Лола прикладывает пальцы к его губам, вынуждая замолчать.

— Эй, все хорошо. Никто не может всегда все контролировать, — мягко убеждает она. — Сейчас ты просто расстроен, и все. Все иногда расстраиваются. Ты не разваливаешься на части. А если и так, то это не конец света. Я же ведь все равно буду рядом. Ты не останешься один.

— У меня просто уж-жасное чувство...

— Насчет чего, дорогой?

— Что... что все изменилось. Что мы больше не можем быть вместе...

— Ох, Мэтти, ты просто преувеличиваешь. Может, ты переутомился, потому что до сих пор не отошел от Брайтона.

Не отошел от Брайтона... По его телу пробегает холодок. Нет, он никогда не оправится от Брайтона, никогда не оправится от того, что там произошло, никогда не избавится от того ужасного человека, которым стал. Перед глазами возникают красные вспышки, запах крови, земли и пота, ноги глухо стучат по сухой земле, из легких вырывается торопливый вздох. Он прижимает руку к глазам.

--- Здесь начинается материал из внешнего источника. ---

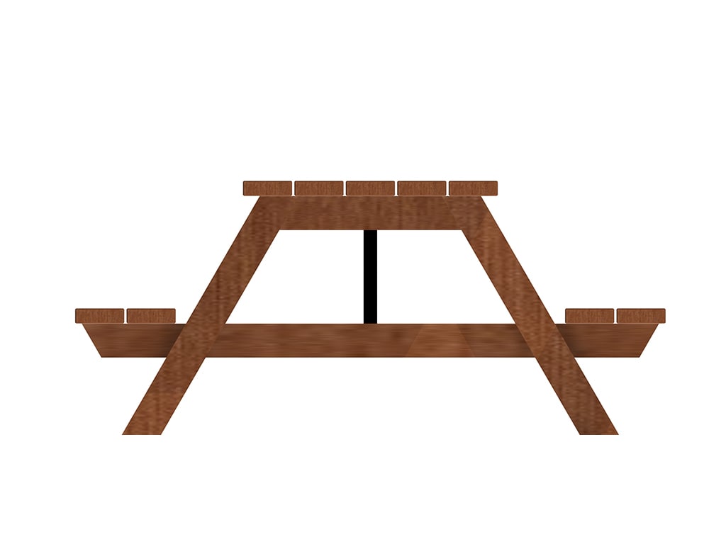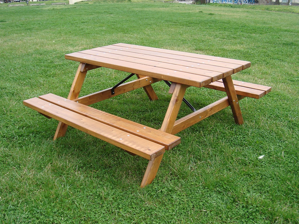 Το τραπέζι πκ νικ στηρίζεται σε δύο σκελετούς από δοκούς 9,5 x 4,5 εκ. σε σχήμα τραπεζίου. Στο πάνω μέρος των σκελετών βιδώνεται επιφάνεια πάγκου από πέντε δοκούς 13,5 x 4,5 εκ. Εκατέρωθεν του πάγκου βιδώνονται δύο επιφάνειες για κάθισμα από δοκούς ίδιας διατομής με τον πάγκο. Ο σκελετός ενισχύεται με ξύλινη κόντρα.

— Мэтти, послушай меня, дорогой. Я всегда буду рядом с тобой. Я всегда буду тебя любить. — Голос Лолы звучит спокойно, слишком спокойно. Он кивает, проводит ладонью по лицу и прерывисто вздыхает. Потом смотрит на нее и смущенно улыбается.

— Иди сюда.

Она наклоняется вперед и выдыхает эти слова ему в плечо, обхватывает его руками и притягивает к себе, крепко держа, когда от ее прикосновения он распадается на части и закрывает лицо руками. Между пальцами струйками течет влага; слезы причиняют боль, голова болит, все болит. Он прижимается к ней лицом, пытаясь прекратить натиск, остановить поток, но его тело, похоже, действует по своей воле, заставляя его общаться с Лолой, показывать ей, насколько ему плохо, когда он меньше всего этого хочет... Постепенно, спустя несколько минут молчания и мучительных слез, он чувствует, как в его груди ослабевает давление, в голове стихает боль. Лола нежно держит его в своих руках, ее голова покоится на его плече, и он медленно собирает себя по кусочкам, надежно запирая боль — она все еще есть, но уже слабее, — глубоко внутри себя. Очень глубоко, на самом дне, где ей самое место.


 

 

Он нашел ответ. Может, он и не в состоянии подавить свои чувства, вернуться к беззаботной жизни, стать тем человеком, которым был до той ночи... но он может притвориться. Он достаточно помнит о себе прежнем, чтобы производить очень хорошее впечатление, пока ему это нужно. Заполненные тренировками дни: прыжки в бассейн, «сухие» прыжки, акробатика, гимнастика и домашние тренировки, — и проведенное время с друзьями, а самое главное, с Лолой позволят ему притворяться для всех, включая себя, что все вернулось на круги своя, что черная волна стихла, а плотная вуаль поднялась; что удушающий пузырь лопнул, дав ему возможность еще раз войти в реальный мир. Мир, где больше всего его должно волновать совершенство. Большой прыжок из передней стойки, дополнительные часы в бассейне, чтобы удовлетворить родителей, поиск оправданий за поздние возвращения домой, чтобы пообщаться с Лолой. И на миг ему кажется, что это сработает. Он старается проводить время в одиночестве как можно меньше — тренируется с включенной музыкой, по ночам созванивается с Лолой в Скайпе, даже сидит с Лоиком до прихода родителей домой. Почти две недели прошло с Национального чемпионата, учеба в школе почти подошла к концу. Но мрачные мысли его не покидают, черные воды по-прежнему бурлят, хотя все это таится под поверхностью, очень глубоко, запрятано в самые темные уголки его сознания.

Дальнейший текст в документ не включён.